▶ **Work item**: Repeat the listing below verbatim, without its images.

▶ **Recorded information**:
>>>
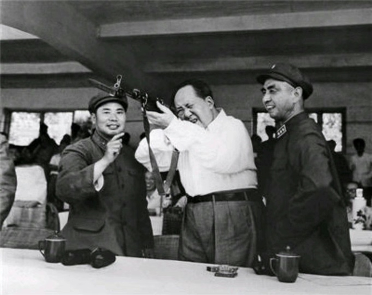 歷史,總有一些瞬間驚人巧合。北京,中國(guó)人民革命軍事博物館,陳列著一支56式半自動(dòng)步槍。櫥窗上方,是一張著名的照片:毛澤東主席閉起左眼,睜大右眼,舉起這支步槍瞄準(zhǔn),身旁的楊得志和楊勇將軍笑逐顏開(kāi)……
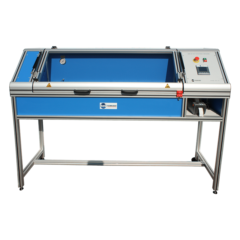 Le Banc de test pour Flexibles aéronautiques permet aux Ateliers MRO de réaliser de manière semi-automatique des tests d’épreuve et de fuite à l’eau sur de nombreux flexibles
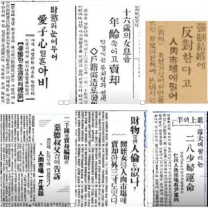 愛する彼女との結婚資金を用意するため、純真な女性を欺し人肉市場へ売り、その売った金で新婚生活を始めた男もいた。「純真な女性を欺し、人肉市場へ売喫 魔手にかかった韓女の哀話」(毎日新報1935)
<<<
▶ **Solution for this task**:
 歷史,總有一些瞬間驚人巧合。北京,中國(guó)人民革命軍事博物館,陳列著一支56式半自動(dòng)步槍。櫥窗上方,是一張著名的照片:毛澤東主席閉起左眼,睜大右眼,舉起這支步槍瞄準(zhǔn),身旁的楊得志和楊勇將軍笑逐顏開(kāi)……
 Le Banc de test pour Flexibles aéronautiques permet aux Ateliers MRO de réaliser de manière semi-automatique des tests d’épreuve et de fuite à l’eau sur de nombreux flexibles
 愛する彼女との結婚資金を用意するため、純真な女性を欺し人肉市場へ売り、その売った金で新婚生活を始めた男もいた。「純真な女性を欺し、人肉市場へ売喫 魔手にかかった韓女の哀話」(毎日新報1935)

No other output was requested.